Everything in the data must be repeated exactly, apart from the pictures, which are left out.

Given material:
*** Block opens ***

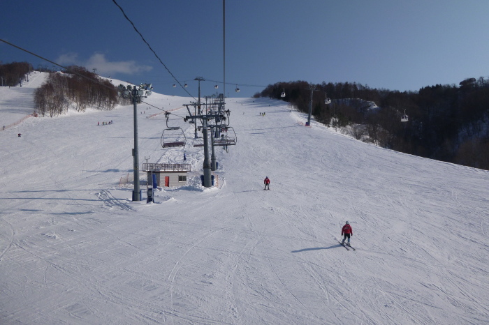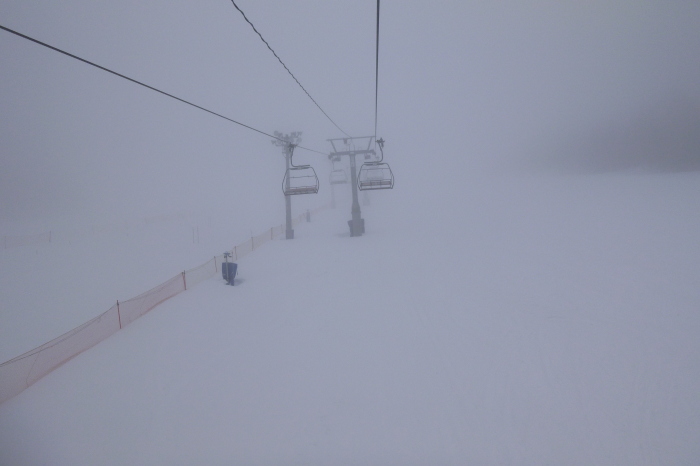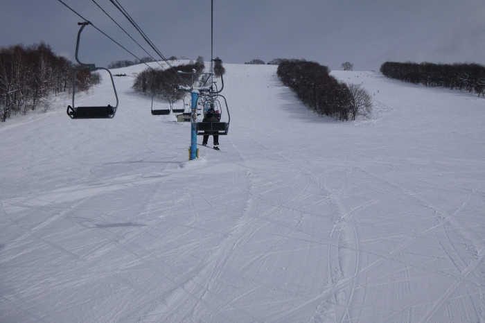 ゆっくり昼を過ごしてゲレンデに戻ってみると、なんと、強風でリフトが止まりまくって、ビギナーズ4しか動いてなかったから、今日はこれで終了。
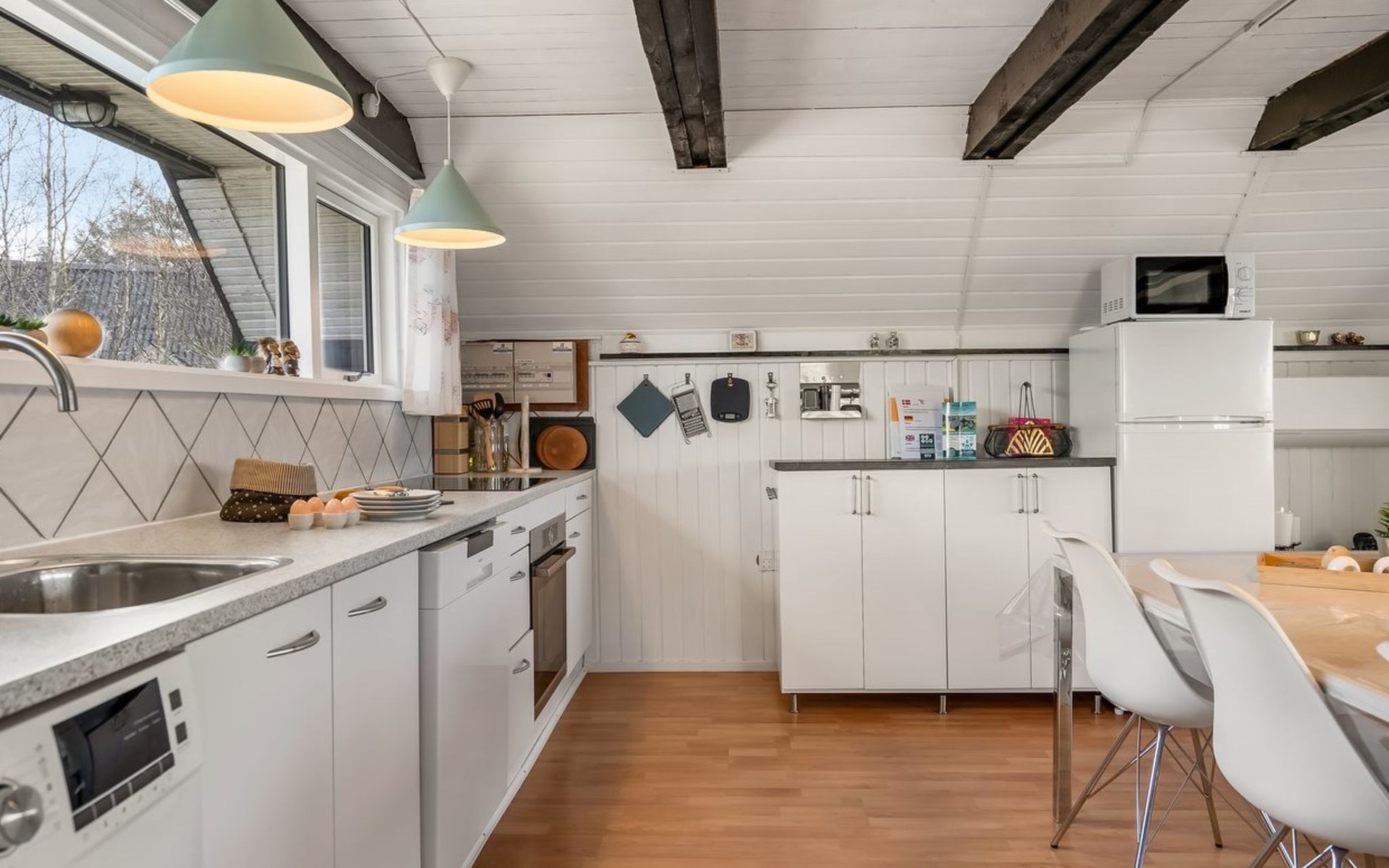Einfamilienhaus, Baujahr 1969. 900 m vom Meer. Zur Alleinbenutzung: Grundstück 1'682 m2, gepflegter Garten. Grill. Im Hause: Sauna, Tischfussball, Waschmaschine. Parkplatz beim Haus. Lebensmittelgeschäft 1.5 km. Der Besitzer akzeptiert keine Jugendgruppen.
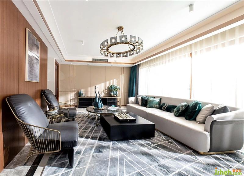 The open-plan living room is an environment-inspired embodiment of creative overflow. It is decorated with high-grade gray and classical green accents. It combines sleek and simple furniture styles to create a light and stylish visual effect.
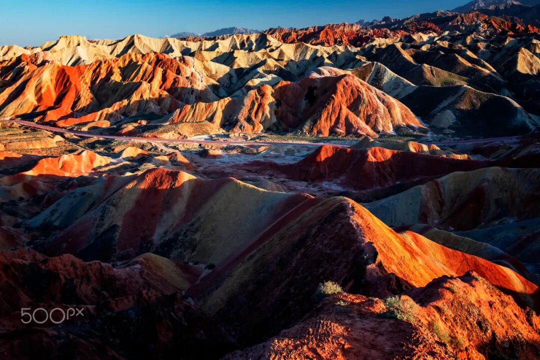 赤红、浅白、嫩黄、深褐的色带交错,平行排列着呈现,成为西北荒芜天地间一片难得绚烂。

*** Block closes ***

Solution to this task:
 ゆっくり昼を過ごしてゲレンデに戻ってみると、なんと、強風でリフトが止まりまくって、ビギナーズ4しか動いてなかったから、今日はこれで終了。
Einfamilienhaus, Baujahr 1969. 900 m vom Meer. Zur Alleinbenutzung: Grundstück 1'682 m2, gepflegter Garten. Grill. Im Hause: Sauna, Tischfussball, Waschmaschine. Parkplatz beim Haus. Lebensmittelgeschäft 1.5 km. Der Besitzer akzeptiert keine Jugendgruppen.
 The open-plan living room is an environment-inspired embodiment of creative overflow. It is decorated with high-grade gray and classical green accents. It combines sleek and simple furniture styles to create a light and stylish visual effect.
 赤红、浅白、嫩黄、深褐的色带交错,平行排列着呈现,成为西北荒芜天地间一片难得绚烂。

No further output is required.